四季の移ろいがここ近年極端になっている。冬が少しずつ春へと向かい桜が咲き、少しずつ暖かくなり爽やかで過ごしやすい初夏になる…、というガキの頃の移り変わりでなく、初夏をすっ飛ばして真夏がやってくる感覚だ。残暑が厳しく続き、やっと過ごしやすくなったと思ったら冬が来ていた。暑さ寒さも彼岸までという言葉が当てはまらず、夏と冬の間のグラデーション期間が極めて短くなった気がする。

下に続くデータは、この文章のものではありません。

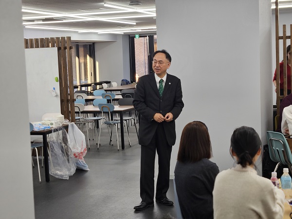 吉中法学部長からのご挨拶の後,参加者はみんなで一緒にお菓子を食べながら,楽しい時間を過ごして交流を深めました。
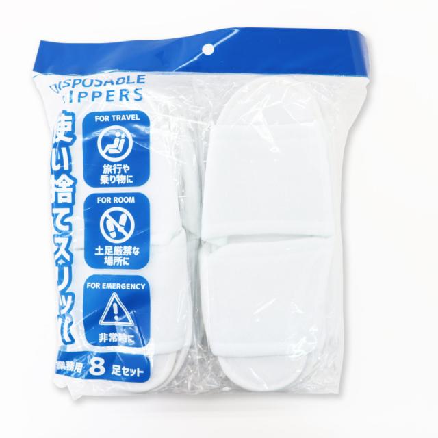 丈夫で安心!使い捨てトラベルスリッパ8足入り
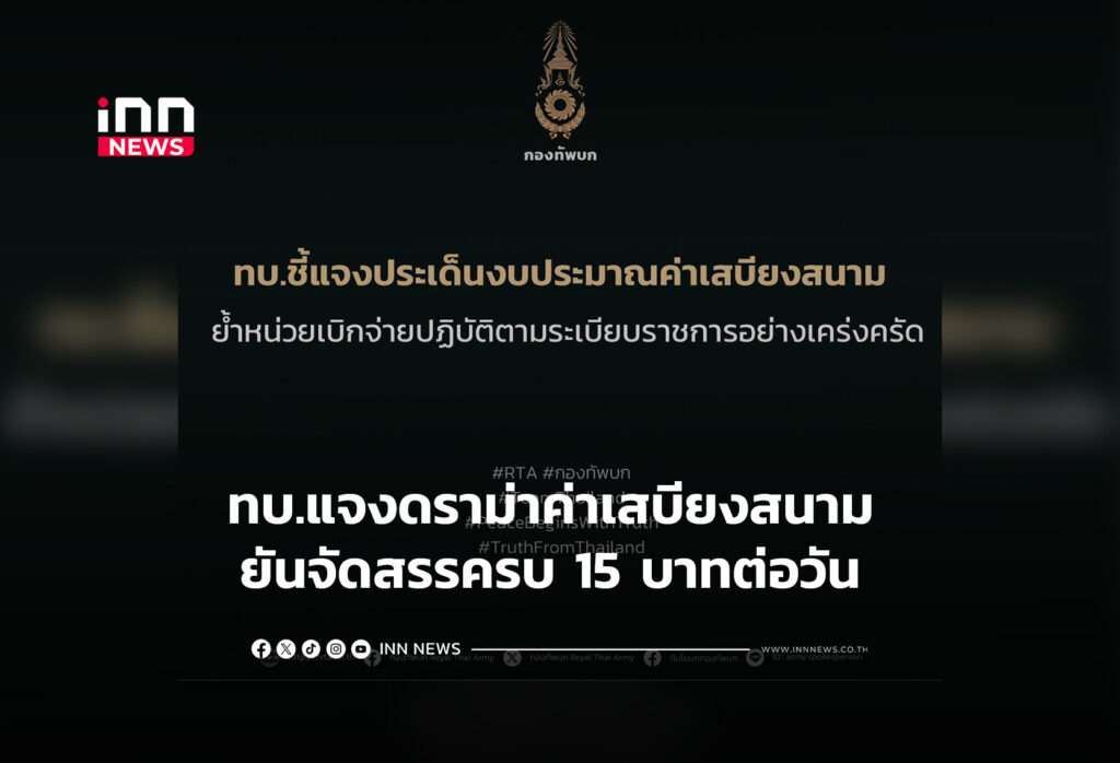 ทบ.แจงดราม่าค่าเสบียงสนาม ยันจัดสรรครบ 15 บาทต่อวัน ชี้บางหน่วยเข้าใจคลาดเคลื่อน จ่ายเงินสดผิดระเบีย
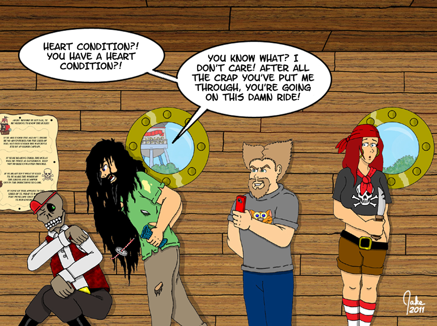 After nine years and four different movies, it was obvious from the start what our homage to "On Stranger Tides" was going to be. The on-going saga of Erik and Crispie waiting patiently in line to go on an amusement ride still had plenty of potential left. So when I sat down and drew it, I didn't have to think much about it. Why? Well, as foolish as it sounds, this series of illustrations developed its own continuity. It developed a progression to where the story is going (or as Robert McGee would say "a narrative thread where the characters are dictating their actions outside of the author's involvement".) It really was, for lack of a better term, a no-brainer.
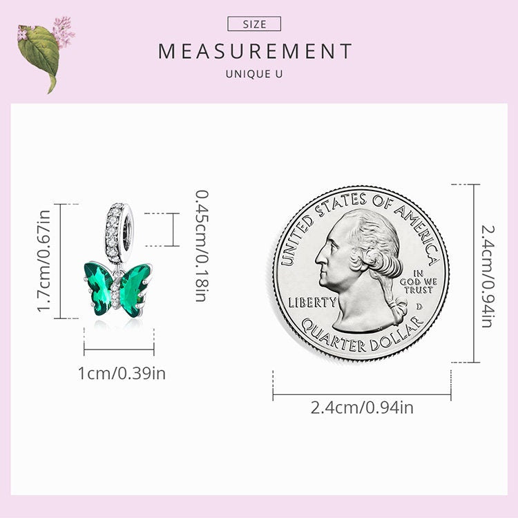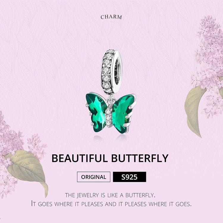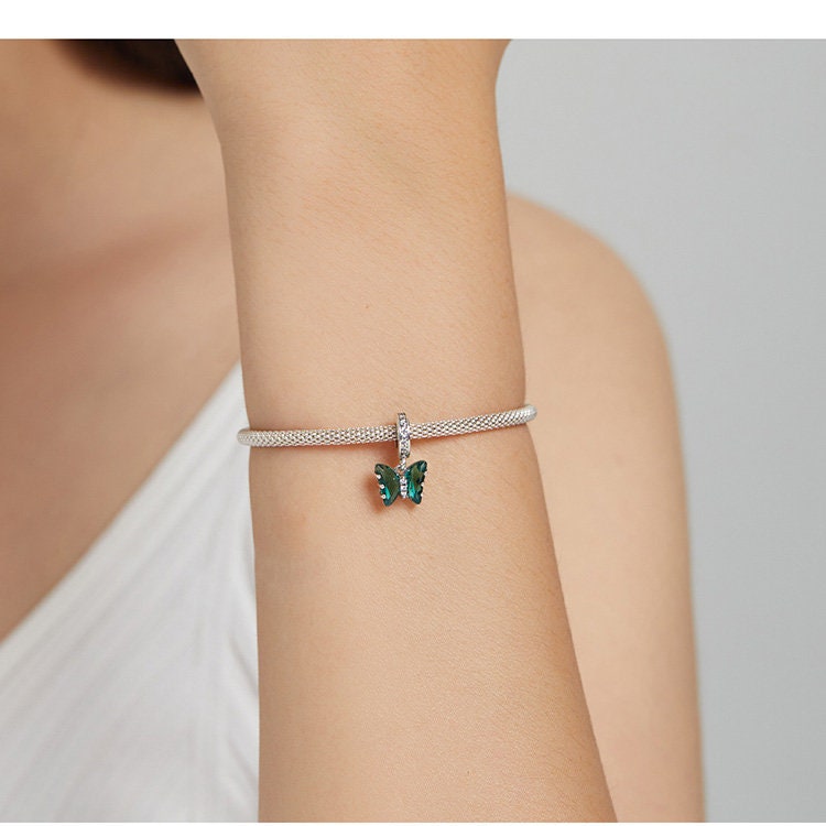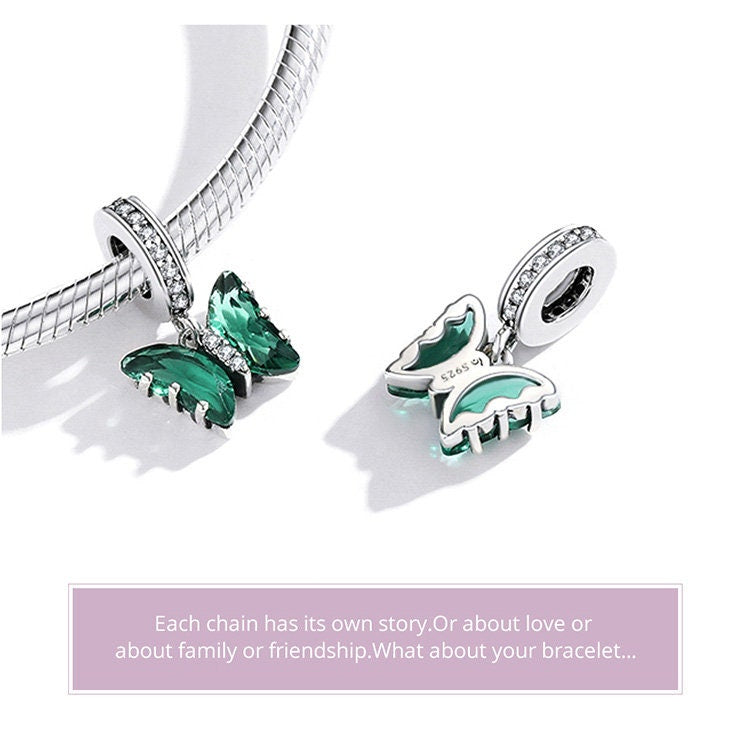 Green Butterfly Charms European style Bracelets,925 Sterling Silver, Butterfly Necklace Pendant, Butterfly Jewelry, Butterfly Gift

今年も厳しい残暑が続くだろうと思っていたら今年の東京は秋が早い。今日の東京は寒いくらいで、そうなると食いたくなるのが温かいたぬきそばだ。安上がりな僕は天ぷらそばよりタヌキを愛する。
話は変わる。今年に入っての忙しさは尋常ではなく、本当は良くないのだが昼飯抜きの日が多い。食う時間そのものを仕事に割り当てられるだけでなく、食後のたるみがなくなる。昼食後はどうしても集中力が落ちてしまう僕で、食わないことで午前中の頑張りを持続できるのだ。が、本当は良くないとしたが、これを続けると血糖値が上がってしまう。以前、ダイエット目的でこれを断行した時に跳ね上がってしまった。年明けに予定されている健康診断が怖いが、仕事のためならえんやこらである。
そんな日々を過ごしている僕だが、今日の寒さは馴染みのそば屋へと僕を誘った。「あら、ここのところこなかったじゃない」「すみません、なんだか忙しくって」「それはいいことね。今日は何にする」「たぬきお願いします」「今日は寒いもんね」というおばちゃんとのやり取りを経て、やがて写真のご馳走が運ばれてきた。うまさが染み渡り、少々大げさながら冬の感覚を連れてきた。四季よ、いづこ〜と冒頭へとつながるのである。空が高く爽やかな風が包み込んでくれる、本来の10月の日々を連れてきてくれることを切に願う。9月ももうあとわずかだ。